Data extracted from a collection:
================================

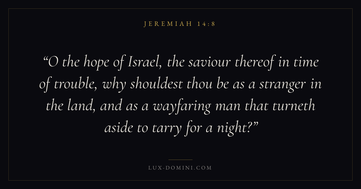 O the hope of Israel, the saviour thereof in time of trouble, why shouldest thou be as a stranger in the land, and as a wayfaring man that turneth aside to tarry for a night?
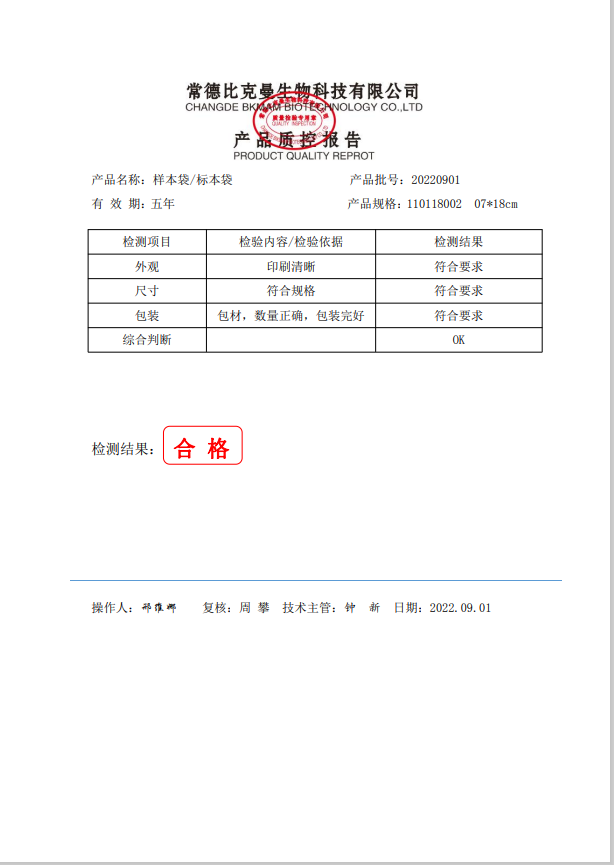 比克曼生物 樣本袋 07x18cm 100個(gè) 袋 110118002 20220901
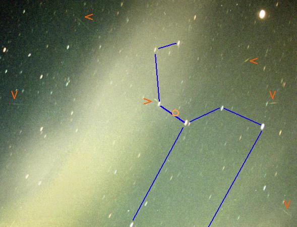 Es sind 6 Schnuppen zu erkennen. Unten sind sie markiert und
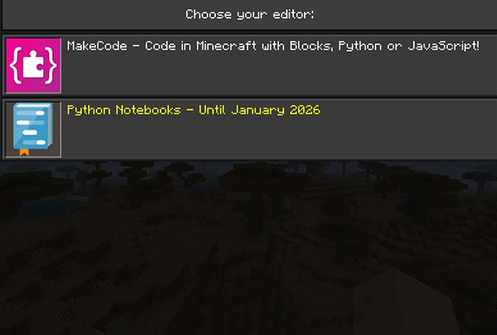 マインクラフト教育版には「コードビルダー」という機能があり、ビジュアルプログラミングやテキストプログラミングができます。
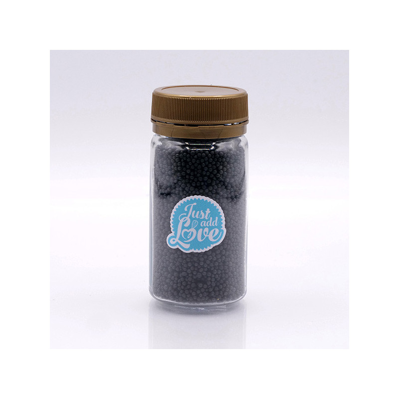 Missangas de açúcar de cor preta, com aproximadamente 1mm, para decoração de bolos, bolachas, cupcakes, cakepops, donuts, sobremesas e outras preparações.
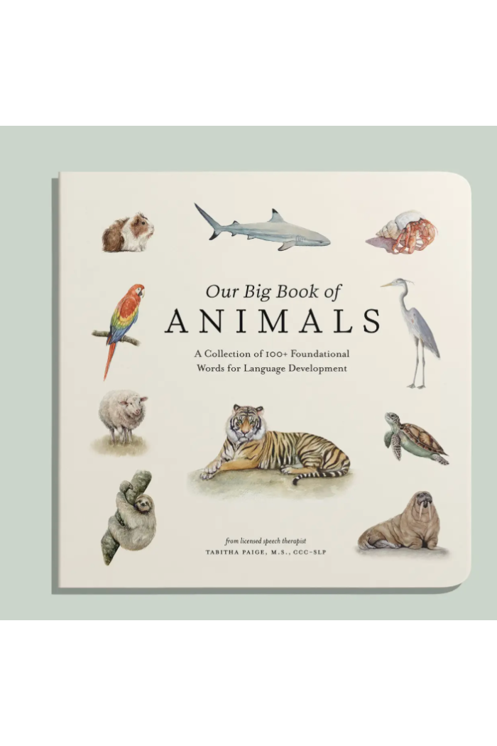 Designed by a professional watercolor artist and licensed speech therapist, Our Big Book of Animals includes charming watercolor illustrations and foundational first words that will help you build your child's vocabulary. The durable materials and small book size also make them perfect for your baby's little hands.
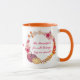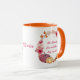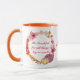 This beautiful fall wreath mug with a quote will make a wonderful gift for a coffee lover who also loves inspirational quotes. The design features a watercolor image of a wreath made of pumpkins, flowers and leaves in fun pinks and oranges. The mug can be personalised with your own quote and name. This would make a great gift for Thanksgiving or any other special event happening during the fall season.
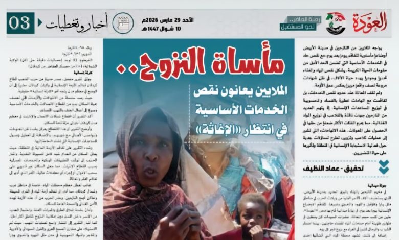 يواجه الملايين من النازحين في مدينة الأبيض أوضاعاً مأساوية تتفاقم يوماً بعد يوم، مع نقص حاد في الخدمات الأساسية التي تضمن الحد الأدنى من مقومات الحياة الكريمة. يشكل نقص المياه والغذاء تحدياً وجودياً يهدد حياة الآلاف، في ظل شهادات مروعة تصف واقعاً مريراً يعكس عمق الأزمة.

================================

*Assigned task:*
Please output the entries above exactly, leaving out every picture.

*Exercise output:*
 O the hope of Israel, the saviour thereof in time of trouble, why shouldest thou be as a stranger in the land, and as a wayfaring man that turneth aside to tarry for a night?
 比克曼生物 樣本袋 07x18cm 100個(gè) 袋 110118002 20220901
 Es sind 6 Schnuppen zu erkennen. Unten sind sie markiert und
 マインクラフト教育版には「コードビルダー」という機能があり、ビジュアルプログラミングやテキストプログラミングができます。
 Missangas de açúcar de cor preta, com aproximadamente 1mm, para decoração de bolos, bolachas, cupcakes, cakepops, donuts, sobremesas e outras preparações.
 Designed by a professional watercolor artist and licensed speech therapist, Our Big Book of Animals includes charming watercolor illustrations and foundational first words that will help you build your child's vocabulary. The durable materials and small book size also make them perfect for your baby's little hands.
 This beautiful fall wreath mug with a quote will make a wonderful gift for a coffee lover who also loves inspirational quotes. The design features a watercolor image of a wreath made of pumpkins, flowers and leaves in fun pinks and oranges. The mug can be personalised with your own quote and name. This would make a great gift for Thanksgiving or any other special event happening during the fall season.
 يواجه الملايين من النازحين في مدينة الأبيض أوضاعاً مأساوية تتفاقم يوماً بعد يوم، مع نقص حاد في الخدمات الأساسية التي تضمن الحد الأدنى من مقومات الحياة الكريمة. يشكل نقص المياه والغذاء تحدياً وجودياً يهدد حياة الآلاف، في ظل شهادات مروعة تصف واقعاً مريراً يعكس عمق الأزمة.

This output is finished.